* Extracted entries *
- - -
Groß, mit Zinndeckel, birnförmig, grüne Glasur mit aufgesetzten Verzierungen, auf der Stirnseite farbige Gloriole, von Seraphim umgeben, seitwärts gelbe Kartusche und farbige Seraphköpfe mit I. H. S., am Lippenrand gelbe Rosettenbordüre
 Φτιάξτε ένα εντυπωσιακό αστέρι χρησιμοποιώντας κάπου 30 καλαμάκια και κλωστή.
- - -
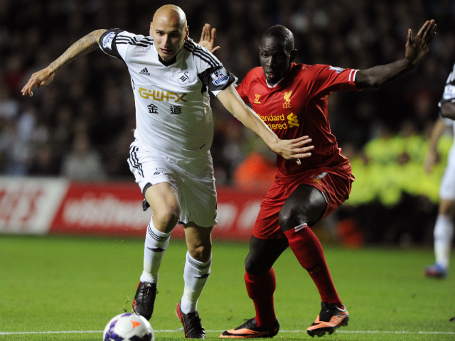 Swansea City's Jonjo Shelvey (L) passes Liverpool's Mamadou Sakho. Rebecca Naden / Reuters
- - -
* Problem to work on *
Once you find the line with "Groß, mit Zinndeckel, birnförmig, grüne" in the entries above, output it and each line after it up to and including the line with "Φτιάξτε ένα εντυπωσιακό", and nothing else.

* Exercise output *
Groß, mit Zinndeckel, birnförmig, grüne Glasur mit aufgesetzten Verzierungen, auf der Stirnseite farbige Gloriole, von Seraphim umgeben, seitwärts gelbe Kartusche und farbige Seraphköpfe mit I. H. S., am Lippenrand gelbe Rosettenbordüre
 Φτιάξτε ένα εντυπωσιακό αστέρι χρησιμοποιώντας κάπου 30 καλαμάκια και κλωστή.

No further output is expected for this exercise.